Teacher Who Criticized “Rainbowland” Song Ban Is Being Fired
Cancel Culture? The Wisconsin teacher is being fired for complaining about the district banning kids from singing the Dolly Parton and Miley Cyrus song.
A Wisconsin first-grade teacher is being fired for speaking out against her school district for banning her kids from singing a song about rainbows and togetherness.
On Wednesday, the Waukesha School District voted 9-0 to fire Heyer Elementary teacher Melissa Tempel, who was first put on leave in April and has been in limbo ever since.

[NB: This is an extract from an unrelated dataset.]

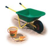 Carretilla infantil BERG DEMPY con neumático de verdad, cajón de plástico fuerte y estructura de acero. Una carretilla infantil para cargar arena, de gran calidad. Tan fuerte que es apropiada para escuelas.

The drama first began in March, after Tempel’s students were barred from singing “Rainbowland”—a Miley Cyrus and Dolly Parton hit collaboration about hope, positivity, and love—at their first-grade concert. Administrators cited a district-wide policy on items “that may be considered political, controversial, or divisive,” as grounds to ban the song from being sung at the concert.
The administrators applied the policy to a song whose lyrics go like this:
All the hurt and the hate going on here (It needs to stop here)
We are rainbows, me and you
Every color, every hue
Let’s shine through (through)
Together, we can
Start livin’ in a rainbowland
Tempel tweeted about the ban, which brought massive public attention to the Waukesha School District. Shortly thereafter, Tempel was placed on administrative leave, with very little information made available to the public. Administrators have cited her initial public complaints about the ban as against school policy, which apparently prevents teachers from saying anything about administrators mysteriously censoring kids from singing about love and hope.
“I am deeply concerned that Ms. Tempel was removed from her classroom for standing up for them and what she knows is right,” a parent from Tempel’s class said at the time.
The issue all stems from Waukesha’s Board Policy 2240, “Controversial Issues in the Classroom,” which set guidelines for when the district would “permit” a so-called “controversial issue” to be introduced in the classroom. Along with the innocent Cyrus and Parton song, the policy has also been applied to bar students, teachers, and even classroom walls from donning rainbow designs, because of their association with the LGBTQ community. The over-policing has stirred up concern among parents and teachers alike who have found the policy to be repressive.
Officials may have set off claims for a First Amendment case. Tempel had previously said she would pursue such a claim against the district, after Superintendent Dr. Jim Sebert first recommended her termination back in May.
“I cannot allow others to be intimidated into silence,” she said at the time. “These are matters of public concern that the Waukesha Community has a right to know about and I stand by my decision to share the impact of Policy 2240 with the public. I will rest easy every night knowing that I did what was right for children.”